─── Entries supplied ───

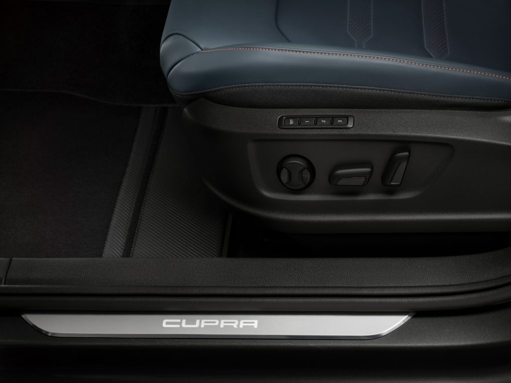 Quando ci si avvicina per aprire la portiera, la luce di benvenuto CUPRA emette un fascio luminoso a terra, dando un assaggio di cosa ci si può aspettare da questa vettura. Anche il battitacco illuminato con la scritta CUPRA conferma le prime impressioni.
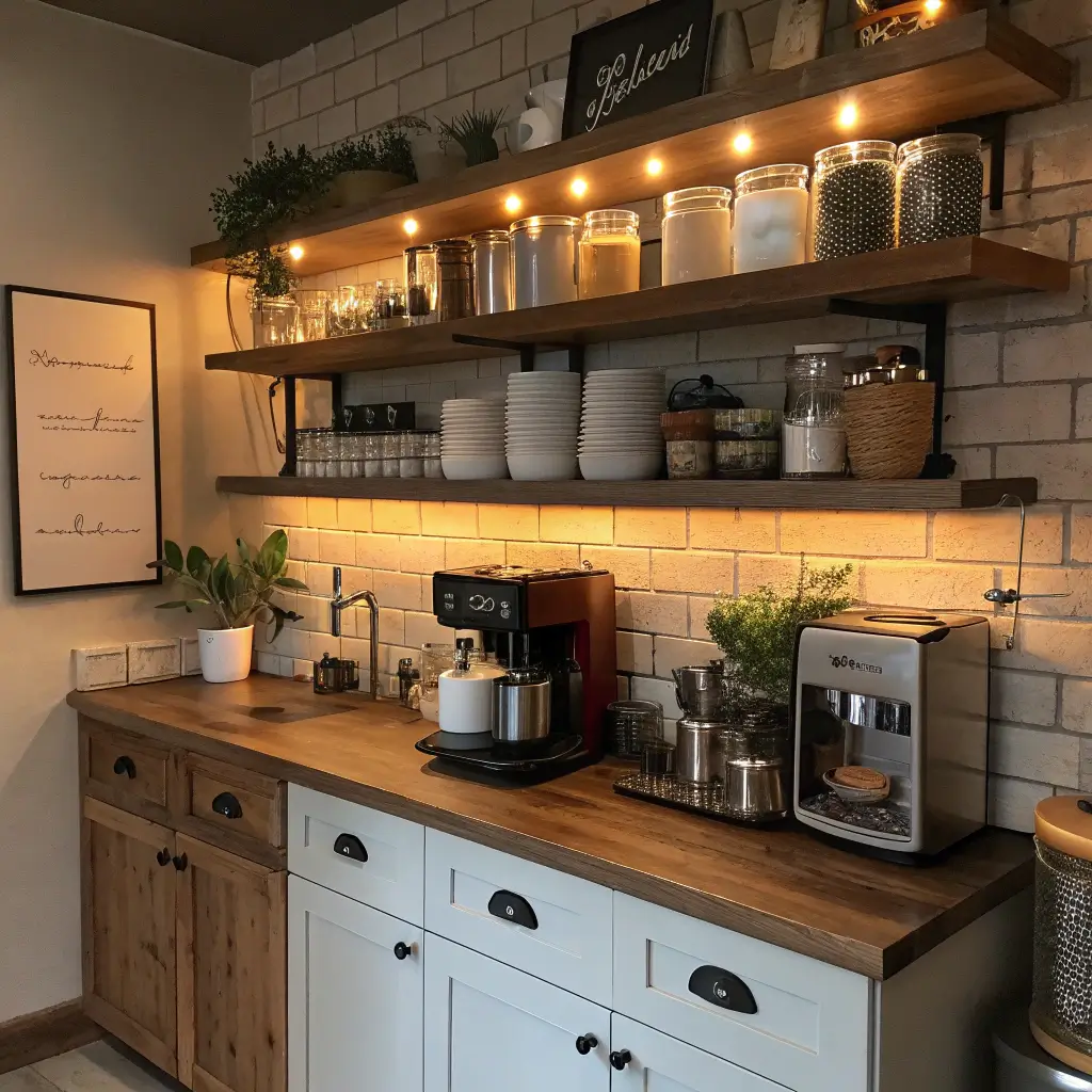 The color palette stays warm and inviting—whites, creams, soft grays, and natural wood tones. Throw in some copper accents with a vintage kettle or French press, and you’ve nailed the aesthetic. FYI, this style works amazingly well with both traditional drip coffee makers and fancy espresso machines.
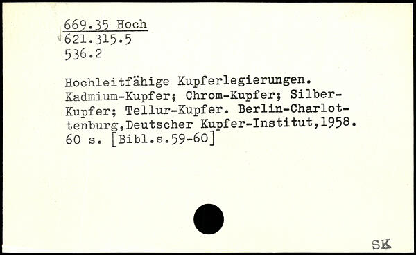 Hochleitfähige Kupferlegierungen. Kadmium-Kupfer; Chrom-Kupfer; Silber-Kupfer; Tellur-Kupfer.
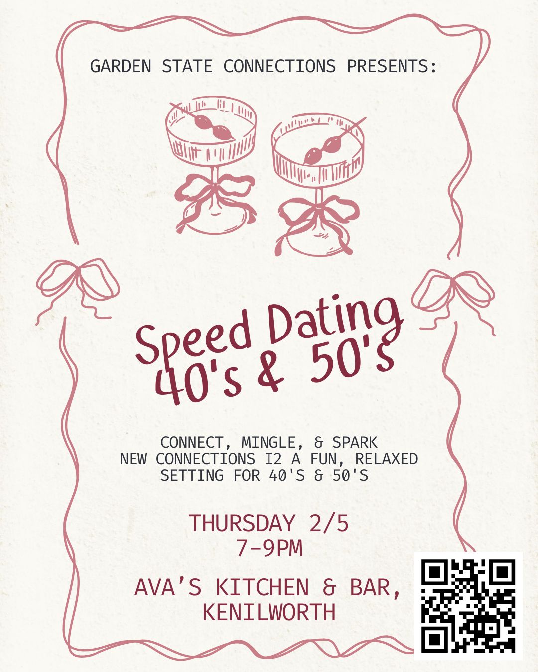 <p><span>Join us for a lively </span><strong><span>speed dating night</span></strong><span> at Ava's Kitchen and Bar in Kenilworth! This fun, fast-paced event is designed for singles in their 40s & 50s who want to meet new people face-to-face—no apps, no endless swiping, just real conversations.</span></p><p><span>You’ll meet a variety of local singles in quick, fun rounds of </span><strong><span>5-7 minute mini-dates</span></strong><span>. Each time the bell rings, you’ll rotate to meet someone new—no pressure, just a chance to see if sparks fly. At the end of the evening, simply submit your match card, and we’ll handle the rest. If there’s a match, you’ll hear from us the very next day!</span></p><p><span>This is </span><strong><span>offline dating at its best</span></strong><span>—relaxed, social, and full of possibility. Whether you’re looking for love, friendship, or just a fun night out, you don’t want to miss this singles event.</span></p><p><span></span><strong><span>How It Works</span></strong></p><ul><li><p><span>Reserve your ticket early (space is limited!)</span></p></li><li><p><span>Arrive 15 minutes before the event for check-in with our host</span></p></li><li><p><span>Women remain seated while men rotate at the sound of the bell</span></p></li><li><p><span>Each round lasts 5-7 minutes—just enough to break the ice!</span></p></li><li><p><span>Use our match card to take notes about each date</span></p></li><li><p><span>Hand in your match card at the end of the night</span></p></li><li><p><span>Receive your matches by email the following day</span></p></li></ul><p><span>It’s easy, engaging, and the best way to experience </span><strong><span>offline dating</span></strong><span> in New Jersey. Whether you’re looking for love or just want to expand your social circle, this event is for you.</span></p><p><span></span></p><p><span></span><strong><span>The Venue:</span></strong></p><p><span>📍 </span><strong><span>Ava's Kitchen & Bar</span></strong></p><p><span>1 N 21st St, Kenilworth, NJ 07033</span></p><p><span></span></p><p><span></span><strong><span>The Host:</span></strong></p><p><span>✨ </span><strong><span>Garden State Connections</span></strong></p><p><span></span><a target="_blank" rel="noopener noreferrer nofollow" href="https://linktr.ee/gsconnections"><span>https://linktr.ee/gsconnections</span></a></p>
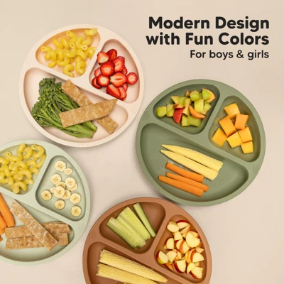 KeaBabies Prep Silicone Plates are designed to encourage independent and mess-free eating. Made from 100% food-grade premium weighted silicone, these toddler plates are dishwasher-safe and BPA-free. These suction plates for babies feature three divided food sections and four extra-strong PrepGrip Suctions to ensure spill-free mealtimes. The baby suction plate can be effortlessly removed by lifting the attached tabs. Enjoy a delightful meal with our vibrant silicone plates for kids.
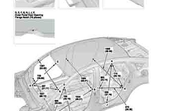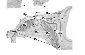 - Геометрические размеры кузова HONDA Accord X Hybrid (CV) 2017-2023, как проекционные, так и непосредственного измерения, в том числе диагональные размеры проемов кузова и контрольные точки для восстановления геометрии кузова.
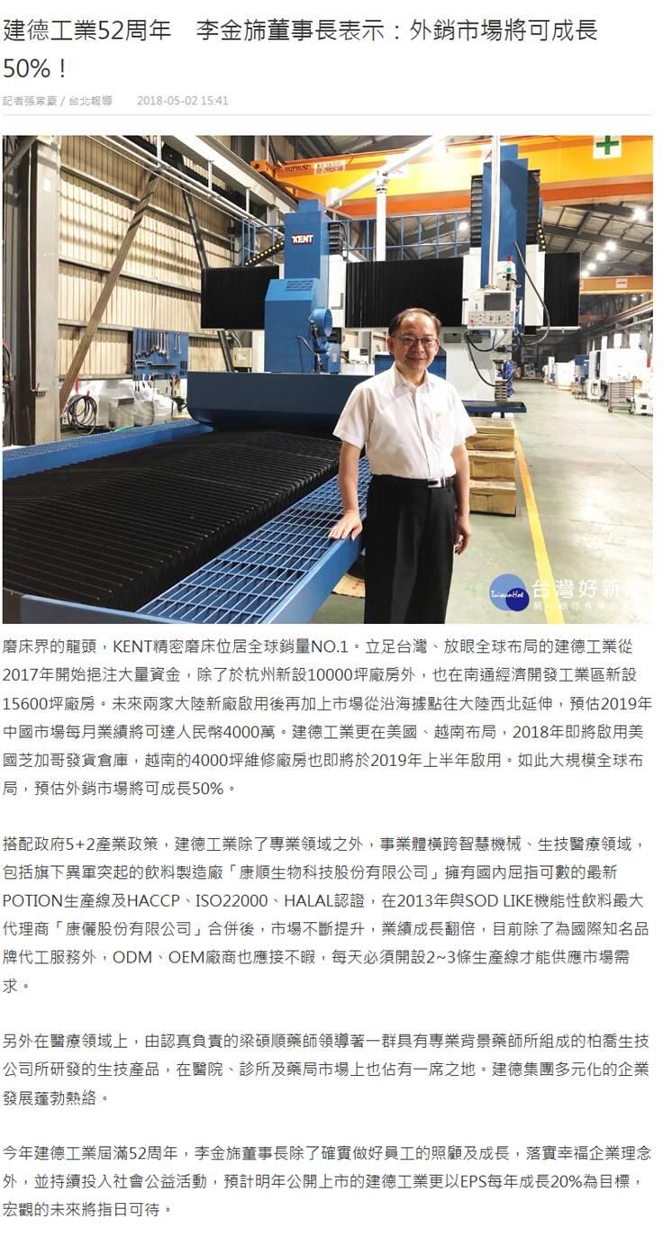 建德工業52周年 李金旆董事長表示:外銷市場可增長50%
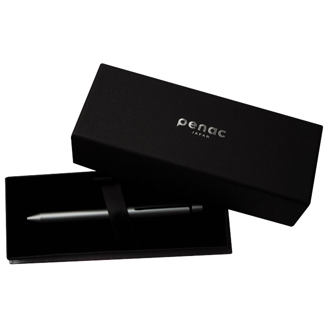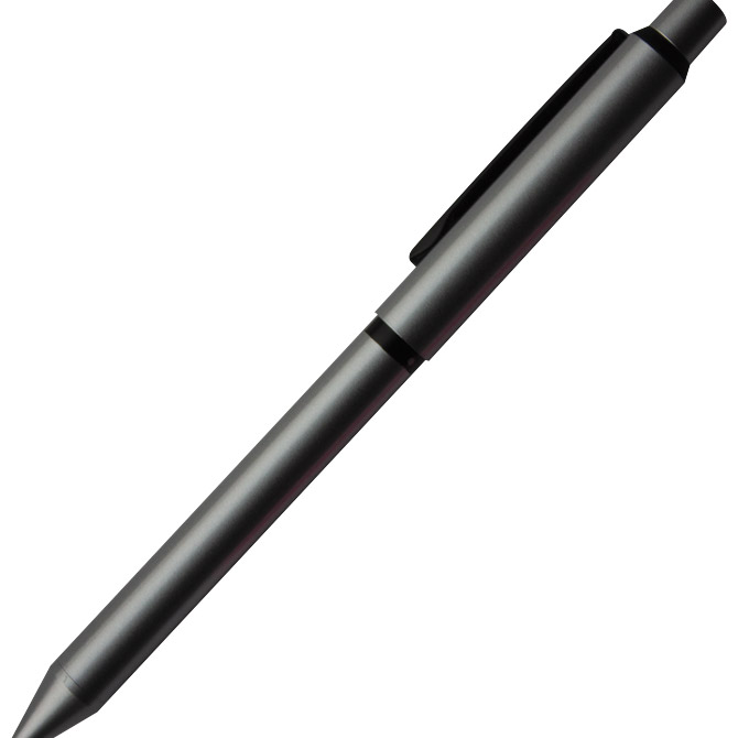 2 kemijske: 1 crvena i 1 plava tinta (mach ink) i tehnička olovka (mina 0,5 mm); okretni (twist) mehanizam (360°) u oba smjera; sa indikatorom koja olovka je odabrana; metalno tijelo olovke; mat crna metalna klipsa i prsten; Mach tintu karakterizira niska viskoznost koja stvara osjećaj lagodnog klizanja po papiru; s gumicom (bez lateksa i PVC-a); rezervni uložak D1BR6707 (0,7 mm); u poklon kutiji

───

## Requirement
Quote the lines above exactly, starting with the one that has "- Геометрические размеры" and ending with the one that has "建德工業52周年 李金旆董事長表示:外銷市場可增長50%"; drop the pictures and include nothing else.

## Solution for this exercise
 - Геометрические размеры кузова HONDA Accord X Hybrid (CV) 2017-2023, как проекционные, так и непосредственного измерения, в том числе диагональные размеры проемов кузова и контрольные точки для восстановления геометрии кузова.
 建德工業52周年 李金旆董事長表示:外銷市場可增長50%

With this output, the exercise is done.